(Stored items)
Segment Open
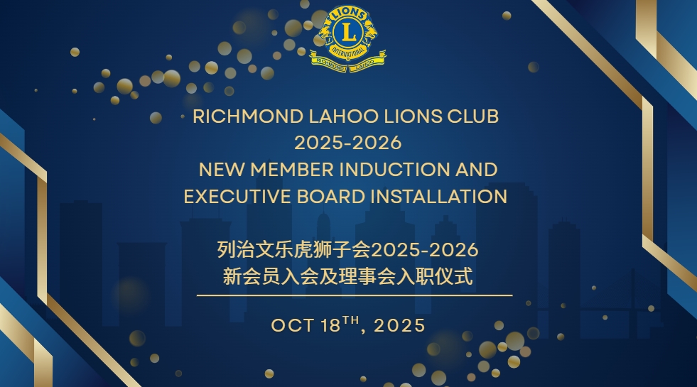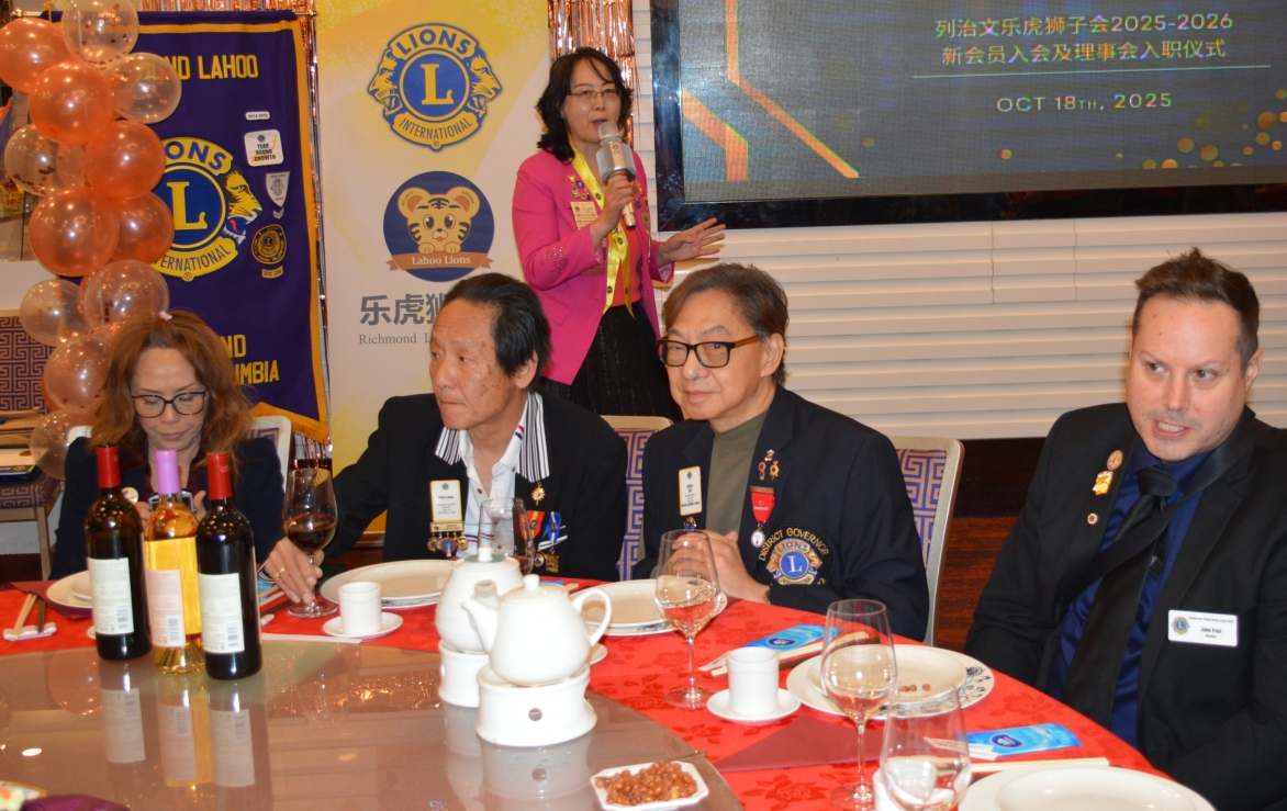 【加拿大乐活网Lahoo.ca 叶之秋文字报道】2025年10月18日晚,列治文乐虎狮子会2025-2026年度理事会成立仪式与新会员入会仪式,在列治文颐东大酒楼隆重举行,今年狮子会(与旗下的青狮会)各项活动也为BC省儿童临终关怀医院(Canuck Place Children’s Hospice)筹款,到今年夏季已经捐了二万多元的善款,用来帮助严重病童。
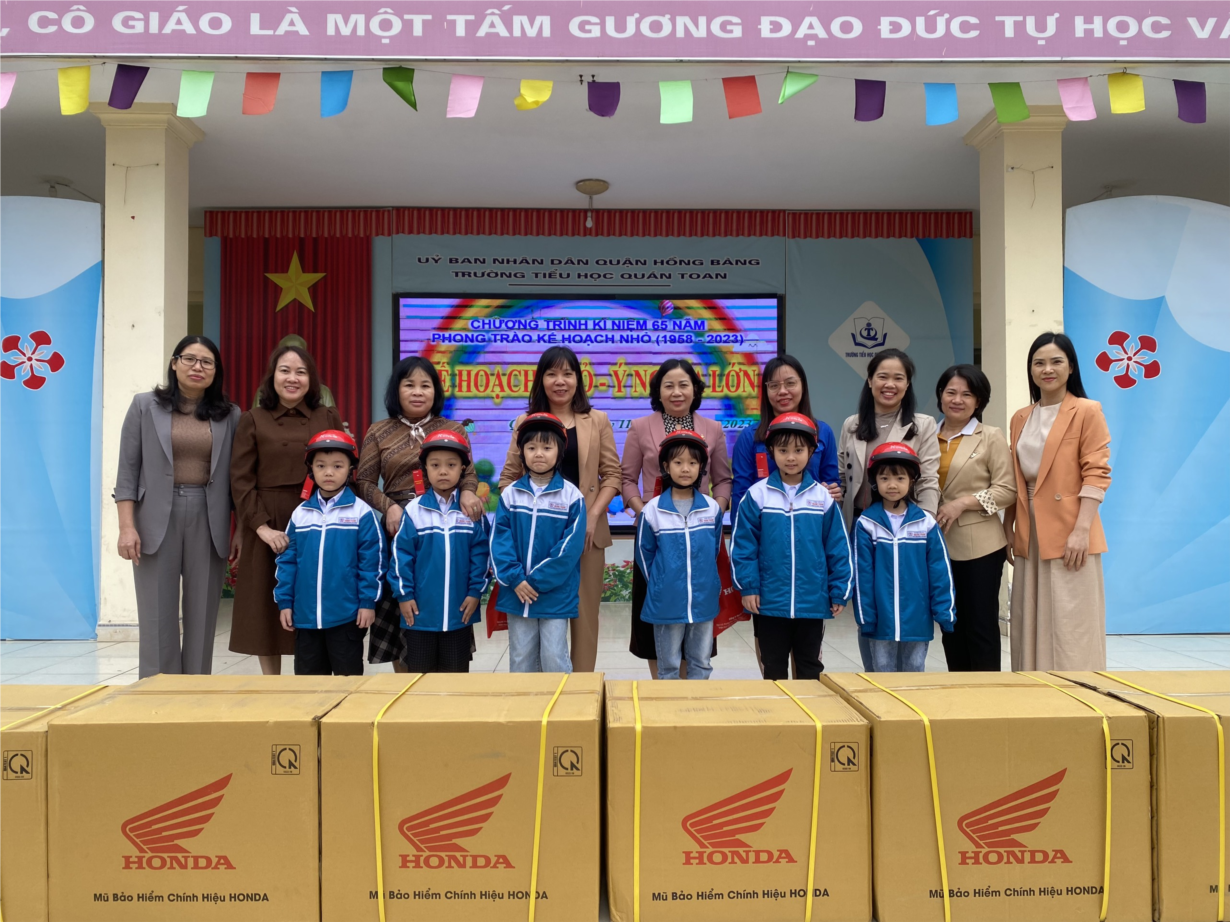 trao tặng mũ bảo hiểm cho học sinh lớp 1 năm 2023.
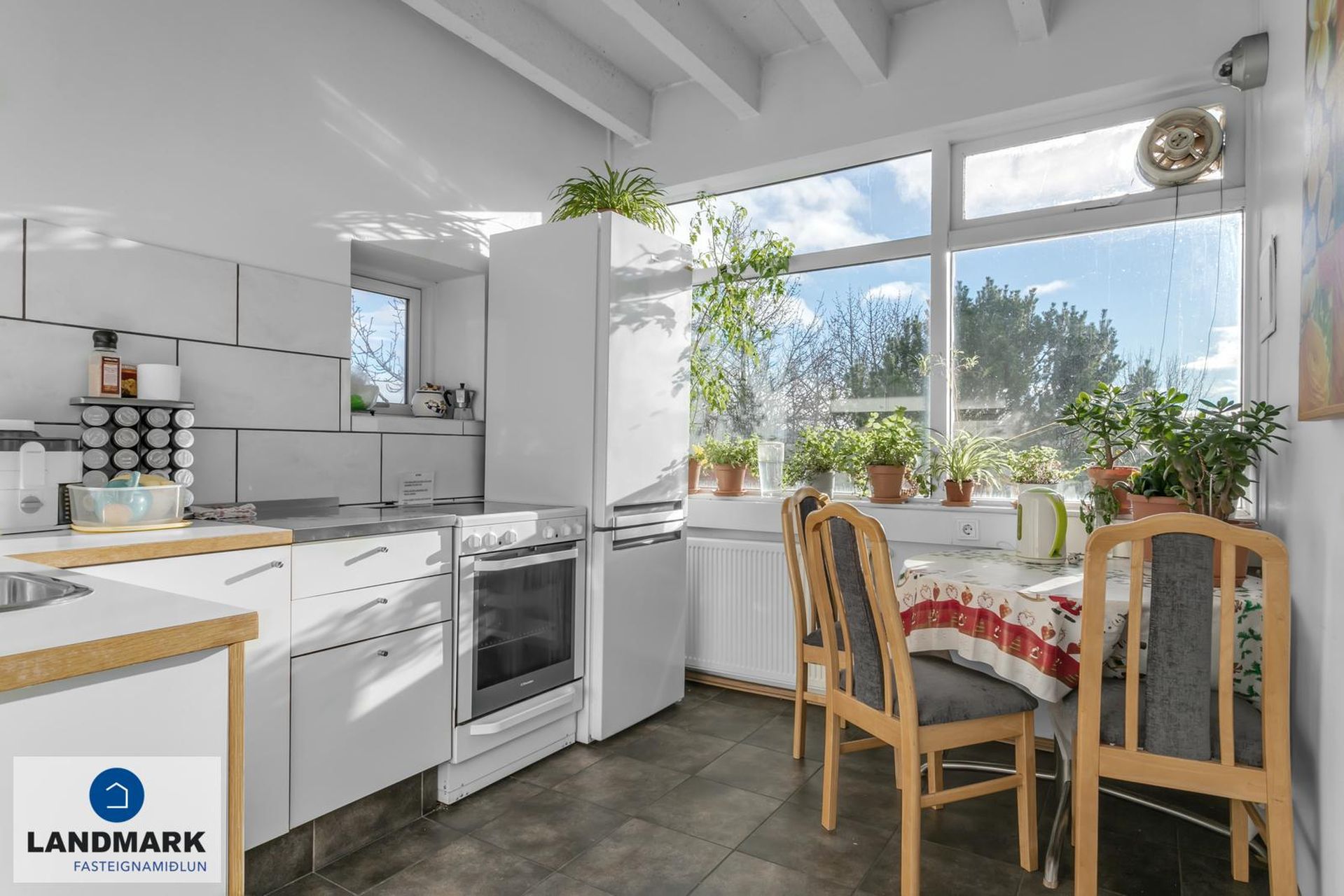 Í austurenda hæðar er eldhús með snyrtilegri eldhúsinnréttingu með efri og neðri skápum, borðkrókur og eins er setustofa/sameiginlegt rými á því svæði.
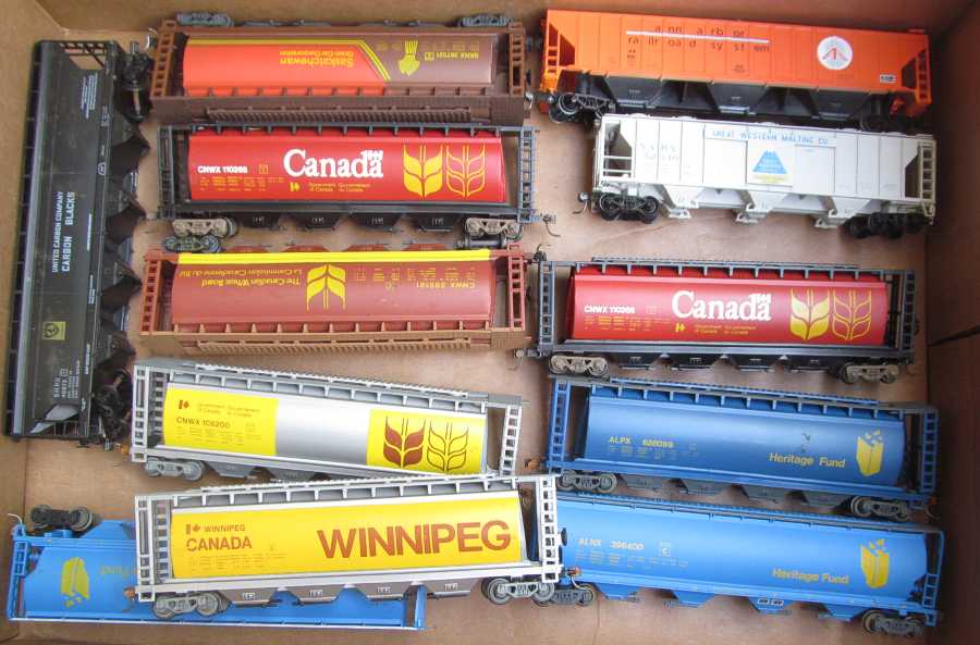 I had always wanted one Canadian cylindrical hopper car with the wheat symbol. And here, I found 5 of them. And some Saskatchewan and Alberta wheat hoppers. And some 1983 Winnipeg NMRA model railroad convention cars. I was concerned about the quality of the trucks and wheels (afterwards I learned some are Bachmann) Nothng beats rolling a car down a slight ramp (I have a wood shim that matches a 2% grade). It's not good enough to just turn a car on its top and roll the wheels by my fingers to tell how free-rolling a car is. |
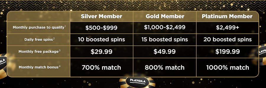 Silver Members will receive a monthly match bonus of 700%, to be used on a single purchase of $49.99 and above.
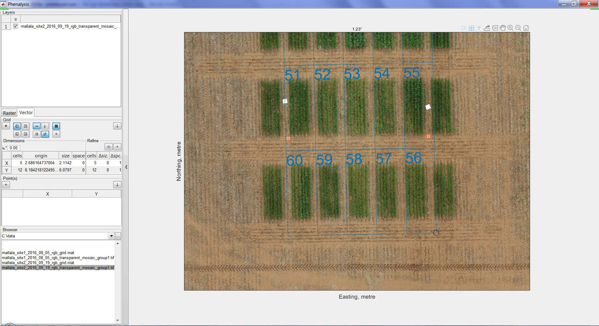 - Import, display, crop and register georeferenced raster (RGB/multispectral/thermal) images of agronomic trials.
Segment Closed
■ Assigned task:
What is needed is a word-for-word copy of the lines from the start of the data to the line with "Í austurenda hæðar", inclusive, with no pictures in it.

■ Written response:
 【加拿大乐活网Lahoo.ca 叶之秋文字报道】2025年10月18日晚,列治文乐虎狮子会2025-2026年度理事会成立仪式与新会员入会仪式,在列治文颐东大酒楼隆重举行,今年狮子会(与旗下的青狮会)各项活动也为BC省儿童临终关怀医院(Canuck Place Children’s Hospice)筹款,到今年夏季已经捐了二万多元的善款,用来帮助严重病童。
 trao tặng mũ bảo hiểm cho học sinh lớp 1 năm 2023.
 Í austurenda hæðar er eldhús með snyrtilegri eldhúsinnréttingu með efri og neðri skápum, borðkrókur og eins er setustofa/sameiginlegt rými á því svæði.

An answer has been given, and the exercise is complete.